A recent study, performed in the Noxilizer lab, demonstrated a 6-log reduction in the population of biological indicators placed next to the plunger rod in the barrels of water-filled COC syringes. The syringes, along with thermoplastic elastomer tip caps and stoppers, were provided by Plas-Tech Engineering, Inc. of Lake Geneva, WI (Figure 2). For the study, they were packaged in Tyvek-Mylar pouches. The exposure used in the study employed minimal vacuum (less than 1 psig) to deliver 10 mg/L NO2 and 75% RH for a dwell time of 45 minutes. Including a 30-minute aeration phase, the total cycle time was 90 minutes.

A cycle that was 50% more aggressive in both concentration and exposure time was used to characterize sterilant ingress in the COC syringes. When tested via ion chromatography, water from the syringes exhibited residual nitrate levels that were below the limit of detection (2 μg/mL). When determined via a Ph measurement method, the nitrate residuals were 0.002 ppm, which is 100 times below the Water for Injection (WFI) limit of 0.2 ppm stated in the European Pharmacopoeia.11

Noxilizer’s demonstrated ability to sterilize the exterior surfaces of polymeric prefilled syringes using a rapid cycle, minimal vacuum, and a truly room temperature process suggests that NO2 sterilization is an ideal solution for manufacturers of sensitive biopharmaceuticals. Table 2 provides a comparison of NO2 sterilization with EO. In addition to the advantages outlined in Tables 1 and 2, the financial benefit of using NO2 instead of EO could also be substantial (up to 40% to 60% cost savings). NO2 sterilization equipment is significantly less expensive and does not require extensive facility modifications to be installed. This would allow manufacturers currently using contract sterilization to move their sterilization process in-house, thereby reducing costs and turnaround times. NO2 gas offers a faster and more compatible option to companies looking to manufacture their products in prefilled syringes.

The RTS 360TM can be easily installed in any manufacturing setting with a 240-VAC, single-phase connection. No other facility modifications or specialized equipment, such as an EO abator, are required. After exposure, the exhaust gases from the NO2 sterilization process are passed through an on-board scrubber, which neutralizes the sterilant, rendering the exhaust safe for the operator and the environment. The spent scrubber material is a solid, landfill-safe material. This makes bringing sterilization in-house easy and safe, resulting in faster turnaround times.

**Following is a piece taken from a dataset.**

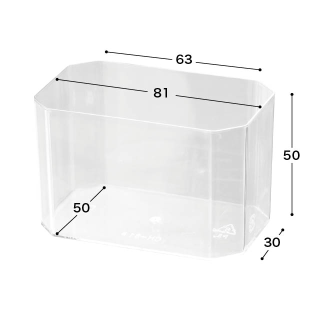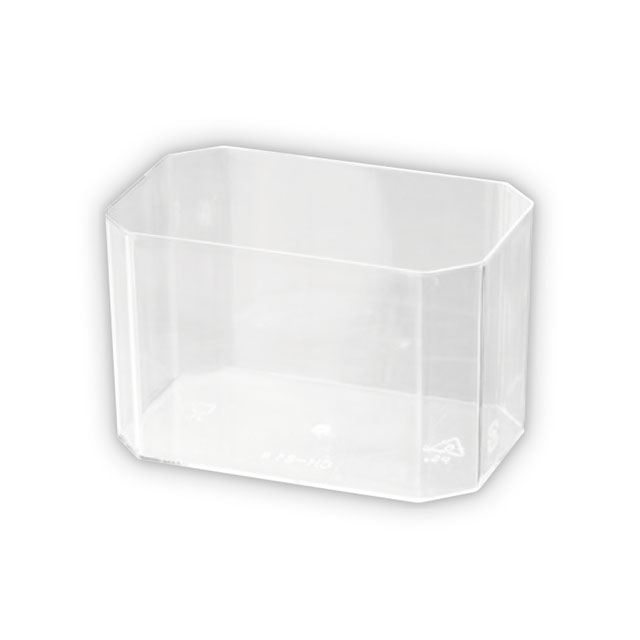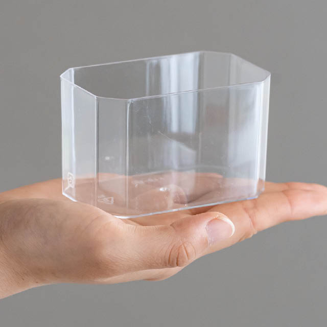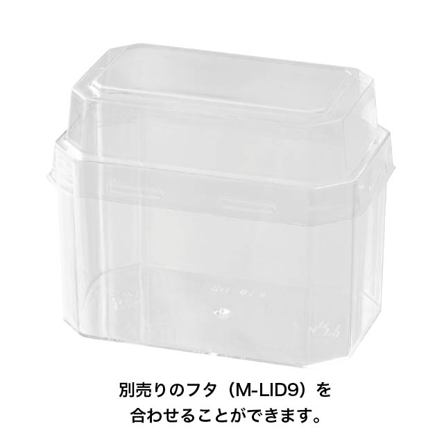 クリアな長方形のデザートカップです。透明なのでスイーツの断面を見せることができ、ムースやゼリーはもちろんティラミスなどにもおすすめです。カップスイーツをお店のショーケースに並べてみませんか?カップにぴったり合うフタ(M-LID9)もご用意しております。
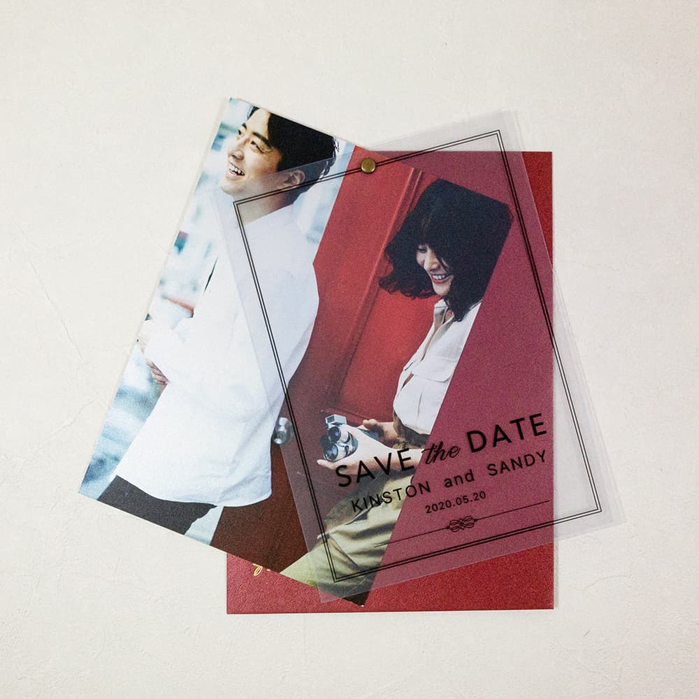 • 喜帖材質:炫光300磅+半透明PP紙+帽釘

For those manufacturers who would prefer to have sterilization done off-site, Noxilizer offers contract sterilization services in ISO 13485-certified facilities. Noxilizer’s microbiology and materials science expertise is available to develop and validate processes specific to a customer’s product needs.


While NO2 gas provides an excellent option for surface sterilization of the final prefilled syringe product, there are also clear benefits to integrating NO2 sterilization into other steps of the prefilled syringe manufacturing process. With the same NO2 technology, Noxilizer has developed the NOX FLEXTM Rapid Biodecontamination System, which provides significant gains in cycle times versus current technologies. Noxilizer has also designed an in-line sterilization system that will allow manufacturers of syringe components to efficiently sterilize product without having to send truckloads of syringe tubs to EO contract sterilization facilities. A similar system can also be used to decontaminate the exterior surfaces of the syringe tubs prior to entering a filling isolator without the concern of shadowing that arises with e-beam. In a related area, Noxilizer has already completed a global supply agreement with Weiler Engineering, Inc. for an NO2 decontamination system for their Blow-Fill-Seal aseptic filling equipment.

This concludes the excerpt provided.